■ YOUR GOAL
In the material below, find the line with "由于国内产能的急速扩张,PC" and the line with "Nel corso dell’immediata". Output exactly those two lines and all lines between them, leaving out pictures.

■ EXERCISE MATERIALS
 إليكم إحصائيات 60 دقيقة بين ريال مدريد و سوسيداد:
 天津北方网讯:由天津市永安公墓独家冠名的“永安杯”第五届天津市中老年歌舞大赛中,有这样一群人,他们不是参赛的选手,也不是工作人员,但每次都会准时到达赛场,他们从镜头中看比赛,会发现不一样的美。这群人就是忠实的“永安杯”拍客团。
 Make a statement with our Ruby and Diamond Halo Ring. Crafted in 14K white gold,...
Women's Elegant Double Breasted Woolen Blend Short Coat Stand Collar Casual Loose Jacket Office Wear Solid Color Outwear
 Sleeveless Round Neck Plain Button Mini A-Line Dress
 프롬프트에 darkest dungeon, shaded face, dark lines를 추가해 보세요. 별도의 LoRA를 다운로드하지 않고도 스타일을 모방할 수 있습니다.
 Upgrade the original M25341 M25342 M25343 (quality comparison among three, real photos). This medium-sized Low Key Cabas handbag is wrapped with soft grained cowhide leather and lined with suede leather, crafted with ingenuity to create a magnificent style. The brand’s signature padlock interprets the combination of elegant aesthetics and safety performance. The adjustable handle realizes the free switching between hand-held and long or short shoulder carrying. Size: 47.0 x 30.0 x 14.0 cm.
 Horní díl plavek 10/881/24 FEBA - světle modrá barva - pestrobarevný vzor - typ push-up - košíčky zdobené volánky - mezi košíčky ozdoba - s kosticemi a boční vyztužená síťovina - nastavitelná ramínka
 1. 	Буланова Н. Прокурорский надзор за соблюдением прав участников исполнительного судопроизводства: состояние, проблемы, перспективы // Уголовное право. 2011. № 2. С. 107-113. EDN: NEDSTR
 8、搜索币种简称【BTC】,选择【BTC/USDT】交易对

==

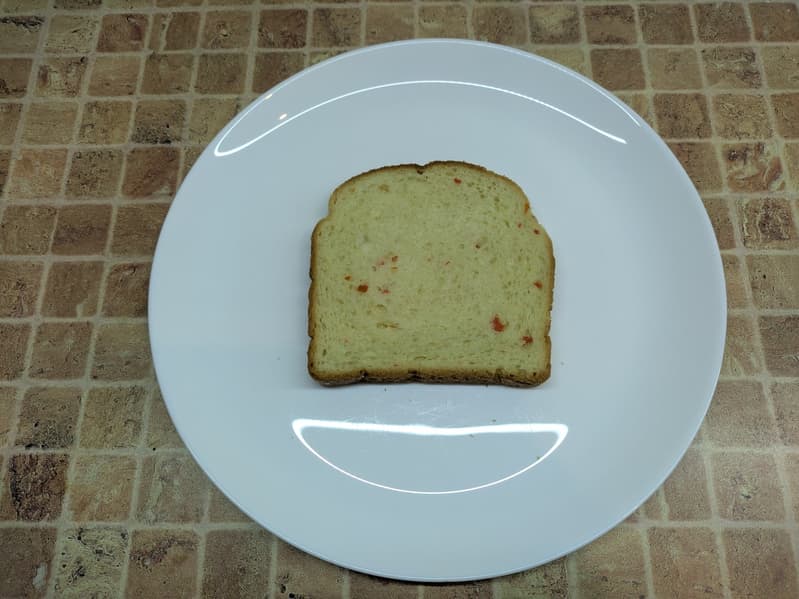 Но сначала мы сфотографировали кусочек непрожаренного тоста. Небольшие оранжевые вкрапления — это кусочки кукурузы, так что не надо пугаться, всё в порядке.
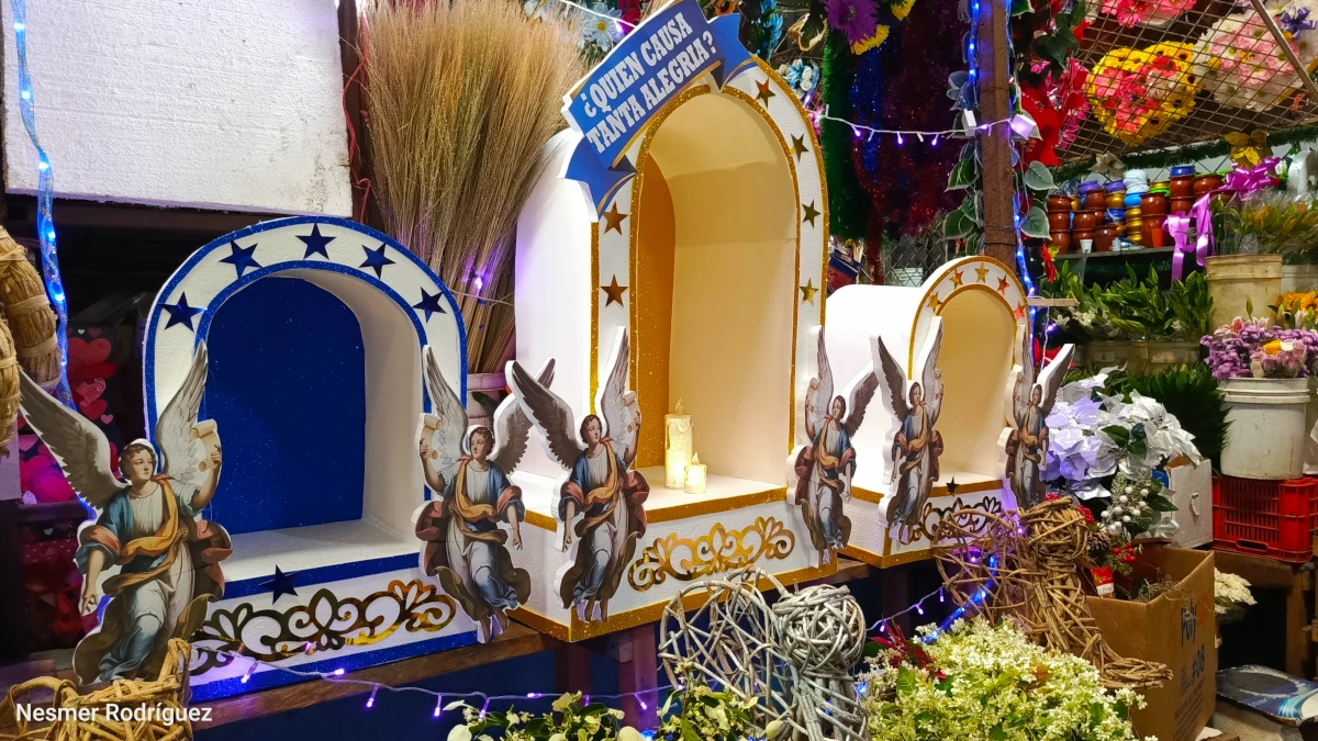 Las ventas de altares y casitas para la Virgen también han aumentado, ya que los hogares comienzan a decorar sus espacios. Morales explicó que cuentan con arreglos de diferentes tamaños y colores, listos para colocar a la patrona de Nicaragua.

--

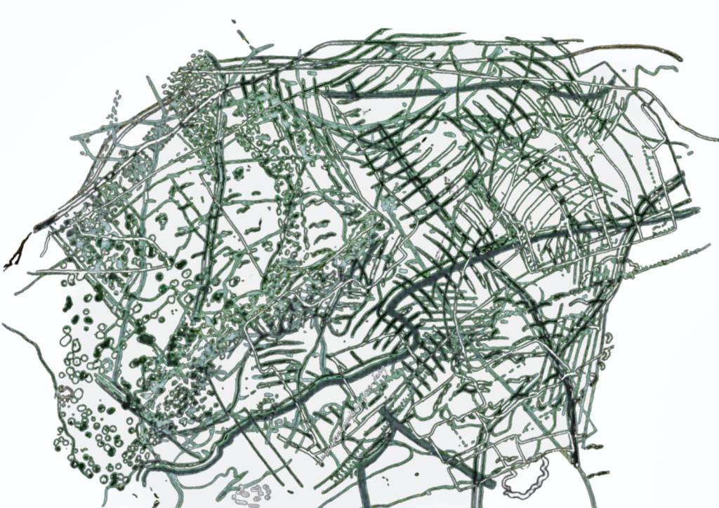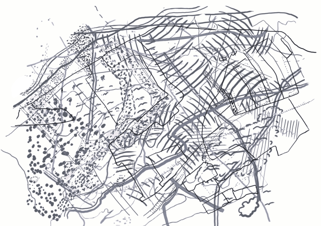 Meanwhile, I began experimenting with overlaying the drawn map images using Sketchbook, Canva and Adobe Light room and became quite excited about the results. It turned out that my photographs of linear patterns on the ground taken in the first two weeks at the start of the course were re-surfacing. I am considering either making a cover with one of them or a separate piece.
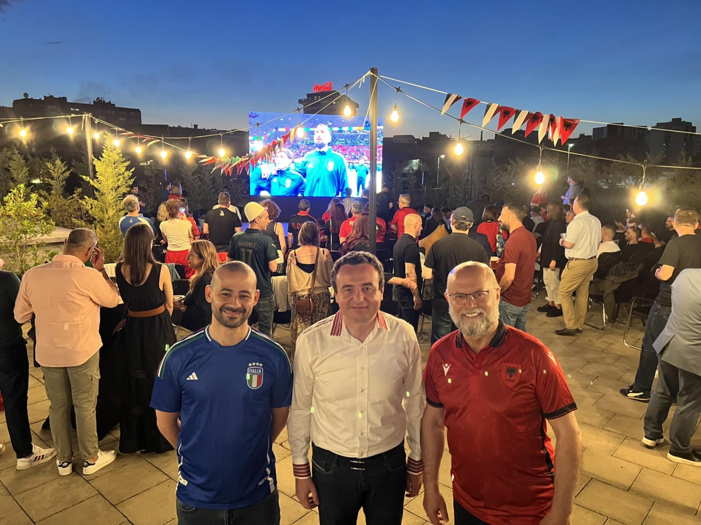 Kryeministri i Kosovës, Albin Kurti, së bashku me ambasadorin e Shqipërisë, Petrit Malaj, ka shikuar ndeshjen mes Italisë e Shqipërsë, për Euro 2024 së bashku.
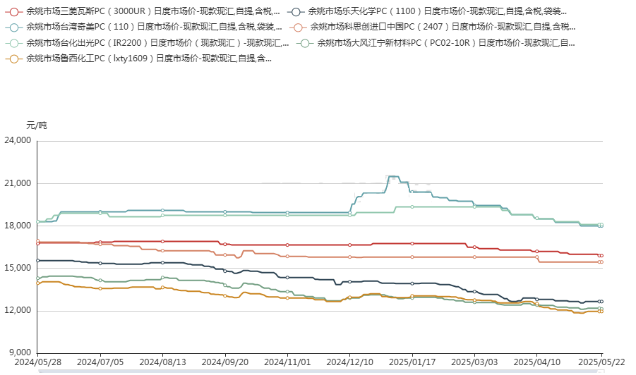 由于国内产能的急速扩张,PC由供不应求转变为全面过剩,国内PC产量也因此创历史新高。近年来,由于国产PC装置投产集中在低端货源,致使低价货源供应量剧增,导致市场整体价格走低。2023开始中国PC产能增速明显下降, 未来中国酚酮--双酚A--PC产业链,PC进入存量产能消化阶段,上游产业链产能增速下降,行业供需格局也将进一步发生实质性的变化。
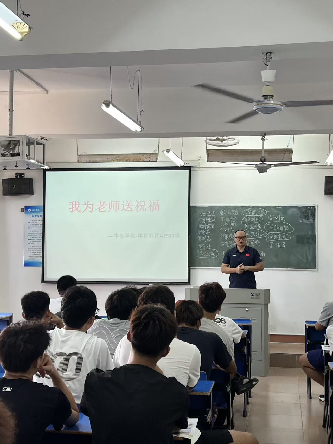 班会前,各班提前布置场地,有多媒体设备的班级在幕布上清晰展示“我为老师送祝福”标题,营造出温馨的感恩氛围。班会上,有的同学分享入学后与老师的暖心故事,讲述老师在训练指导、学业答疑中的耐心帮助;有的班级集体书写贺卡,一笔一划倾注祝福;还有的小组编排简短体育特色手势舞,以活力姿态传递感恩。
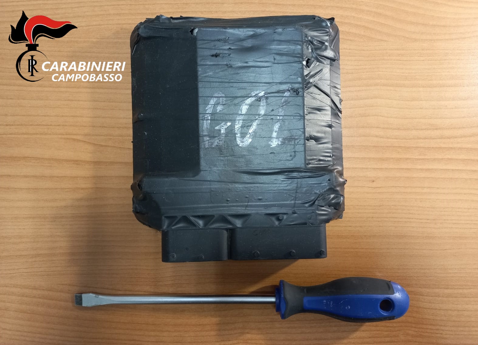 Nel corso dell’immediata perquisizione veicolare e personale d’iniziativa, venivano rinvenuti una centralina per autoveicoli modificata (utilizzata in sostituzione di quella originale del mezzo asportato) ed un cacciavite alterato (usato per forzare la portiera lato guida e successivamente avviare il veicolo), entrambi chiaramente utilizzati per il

■ REPLY
 由于国内产能的急速扩张,PC由供不应求转变为全面过剩,国内PC产量也因此创历史新高。近年来,由于国产PC装置投产集中在低端货源,致使低价货源供应量剧增,导致市场整体价格走低。2023开始中国PC产能增速明显下降, 未来中国酚酮--双酚A--PC产业链,PC进入存量产能消化阶段,上游产业链产能增速下降,行业供需格局也将进一步发生实质性的变化。
 班会前,各班提前布置场地,有多媒体设备的班级在幕布上清晰展示“我为老师送祝福”标题,营造出温馨的感恩氛围。班会上,有的同学分享入学后与老师的暖心故事,讲述老师在训练指导、学业答疑中的耐心帮助;有的班级集体书写贺卡,一笔一划倾注祝福;还有的小组编排简短体育特色手势舞,以活力姿态传递感恩。
 Nel corso dell’immediata perquisizione veicolare e personale d’iniziativa, venivano rinvenuti una centralina per autoveicoli modificata (utilizzata in sostituzione di quella originale del mezzo asportato) ed un cacciavite alterato (usato per forzare la portiera lato guida e successivamente avviare il veicolo), entrambi chiaramente utilizzati per il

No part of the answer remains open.